Catalog no.: bs-9631R-A647

Price: 380 EUR

Product details

Modification Site

None

Gene ID Number

79650

Target Antigen

C16orf57

Tested applications

IF(IHC-P)

French translation

anticorps

Clonality

Polyclonal

Modification

Unmodified

Concentration

1ug per 1ul

Excitation emission

650nm/665nm

Conjugated with

ALEXA FLUOR® 647

Crossreactivity

Human, Mouse, Rat

Clone

Polyclonal antibody

Recommended dilutions

IF(IHC-P)(1:50-200)

Purification

Purified by Protein A.

Conjugation

Alexa Fluor,ALEXA FLUOR 647

Category

Conjugated Primary Antibodies

Host Organism

Rabbit (Oryctolagus cuniculus)

Also known as

Anti-C16orf57 PAb ALEXA FLUOR 647

Specificity

This is a highly specific antibody against C16orf57.

Long name

C16orf57 Polyclonal Antibody, ALEXA FLUOR 647 Conjugated

Synonyms

Chromosome 16 open reading frame 57; CP057_HUMAN; FLJ13154; UPF0406 protein C16orf57.
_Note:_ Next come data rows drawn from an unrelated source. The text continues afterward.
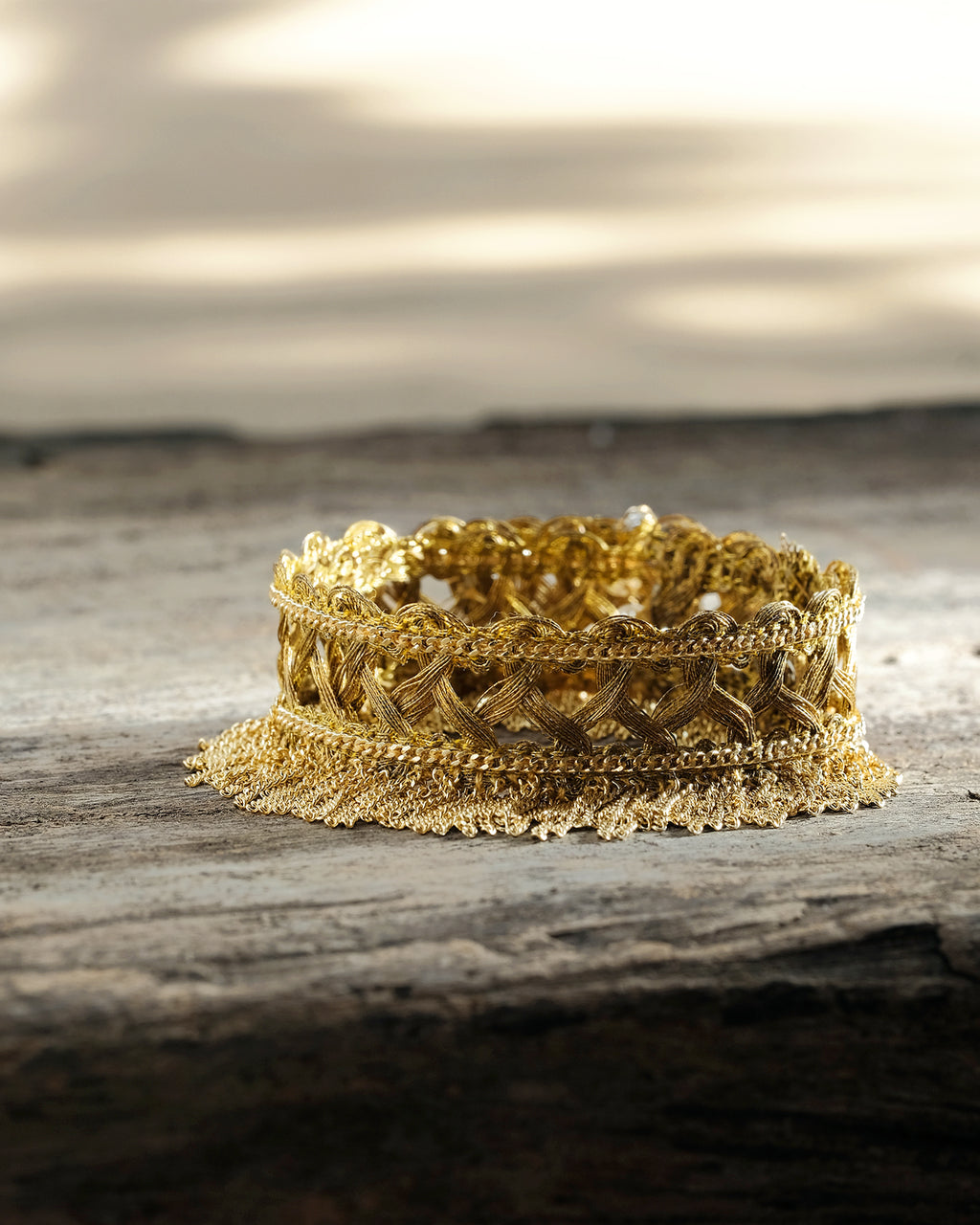 Double-wrap bracelet crafted from an antique openwork ribbon in gold Lurex, delicately embroidered with brass chains in a white bronze finish. A fringe of refined chains completes the look of the bracelet, which can also be worn as a choker.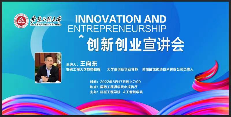 为提升大学生创新创业能力,激发大学生创业意识,丰富大学生的创新创业知识,5月17日晚上,学院特邀芜湖磁轮传动技术有限公司董事长、番茄小说 特聘教授王向东开展创新创业主题宣讲会,100余名本科生、本科生指导教师参加宣讲会。报告会由学院党委副书记李文江主持。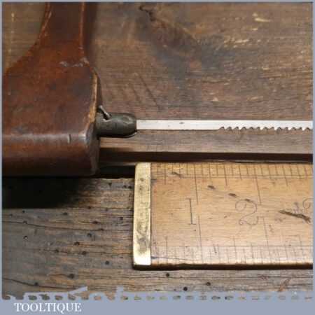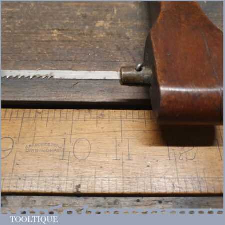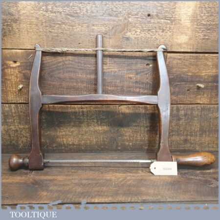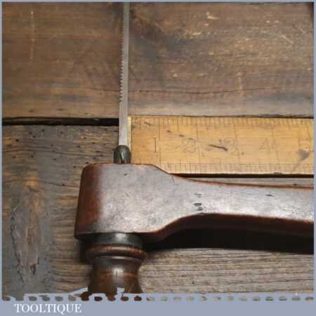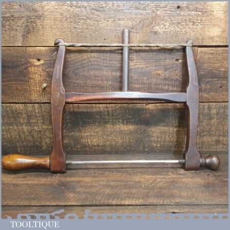 Early vintage boxwood handled beechwood bow saw with a 11” blade that is sharp and in good used condition. Note: Chipped to top of one of the frames.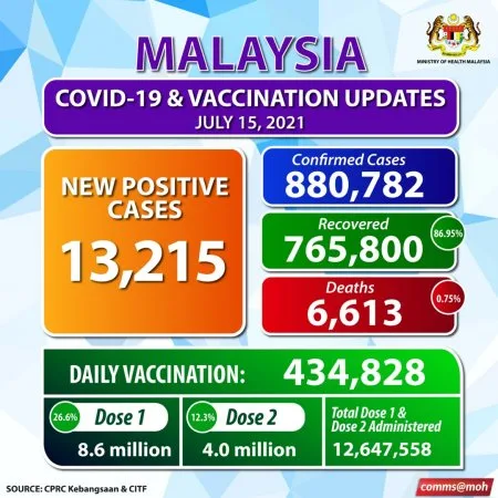 Malaysia reported 13,215 new COVID-19 cases on Thursday (15th July), bringing the total infections in the country to 880782,533, with a total of 6,613 deaths. Meanwhile,computer shops, telecommunication devices, books, and stationery shops are allowed to operate across the National Recovery Plan (NRP).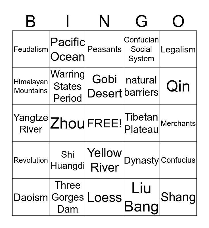 This bingo card has a free space and 24 words: Shi Huangdi, Three Gorges Dam, Gobi Desert, Daoism, Legalism, Feudalism, Himalayan Mountains, Pacific Ocean, Tibetan Plateau, Yellow River, natural barriers, Yangtze River, Dynasty, Confucius, Warring States Period, Liu Bang, Merchants, Peasants, Qin, Zhou, Shang, Revolution, Confucian Social System and Loess.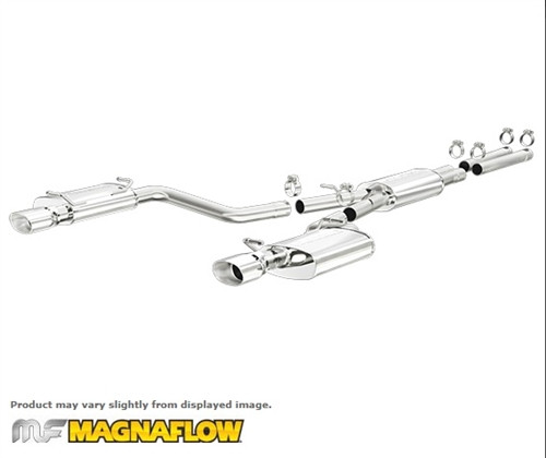 SOUND. The Magnaflow Catback Exhaust System are designed and tested by Magnaflow to give your HEMI a deep, throaty but smooth tone at all RPM's. At idle and cruise speeds it will not be much louder than stock in most cases, but step on it, and it will become more aggressively toned, while not becoming overbearing and keeping the passenger compartment drone to a minimum.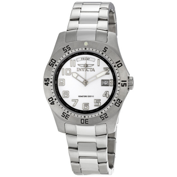 Stainless steel case with a stainless steel bracelet. Uni-directional rotating stainless steel bezel. White dial with luminous skeleton hands and Arabic numeral hour markers. Tachymeter markers around the outer rim. Minute markers around the inner bezel. Dial Type: Analog. Luminescent hands. Date display at the 3 o'clock position. Day of the week display centered on the 12 o'clock position. Caliber VJ55(3W) quartz movement. Scratch resistant Flame Fusion crystal. Textured steel crown. Solid case back. Round case shape. Case size: 44.5 mm. Case thickness: 12.5 mm. Band width: 20 mm. Band length: 9.5 inches. Fold over clasp with a push button release. Water resistant at 100 meters / 330 feet. Functions: date, hour, minut, second. Pro Diver Series. Sport watch style. Item Variations: day-and-date. Invicta Pro Diver White Dial Stainless Steel Mens Watch 5249.

Cross-reactive species details

Due to limited amount of testing and knowledge, not every possible cross-reactivity is known.

Source

This antibody was obtained by immunization of the host with KLH conjugated synthetic peptide derived from human C16orf57

Storage conditions

Store this antibody in aqueous buffered solution containing 1% BSA, 50% glycerol and 0.09% sodium azide. Keep refrigerated at 2 to 8 degrees Celcius for up to one year.

Properties

For facs or microscopy Alexa 1 conjugate.Alexa Fluor 633 is a practical alternative to APC as well as Cy5. Bioss Primary Conjugated Antibodies. ALEXA FLUOR made this Alexa Fluor 633 conjugate that can be used in multi-color flow cytometry with instruments equipped with a second red laser or red diode. It is detected in the FL4 detector of the core's upgraded 2-laser FACScans. Like other Alexa Fluor dyes, the Anti-C16orf57 exhibits uncommon photo stability, making it an ideal choice for fluorescent microscopy.If you buy Antibodies supplied by Bioss Primary Conjugated Antibodies. ALEXA FLUOR they should be stored frozen at - 24°C for long term storage and for short term at + 5°C.

Background of the antigen

Involvement in disease;Defects in C16orf57 are the cause of poikiloderma with neutropenia (PN). PN is a genodermatosis characterized by poikiloderma, pachyonychia and chronic neutropenia. The disorder starts as a papular erythematous rash on the limbs during the first year of life. It gradually spreads centripetally and, as the papular rash resolves, hypo- and hyperpigmentation result, with development of telangiectasias. Another skin manifestation is pachyonychia, but alopecia and leukoplakia are distinctively absent. One of the most important extracutaneous symptoms is an increased susceptibility to infections, mainly affecting the respiratory system, primarily due to a chronic neutropenia and to neutrophil functional defects. Bone marrow abnormalities account for neutropenia and may evolve into myelodysplasia associated with the risk of leukemic transformation. Poikiloderma with neutropenia shows phenotypic overlap with Rothmund-Thomson syndrome.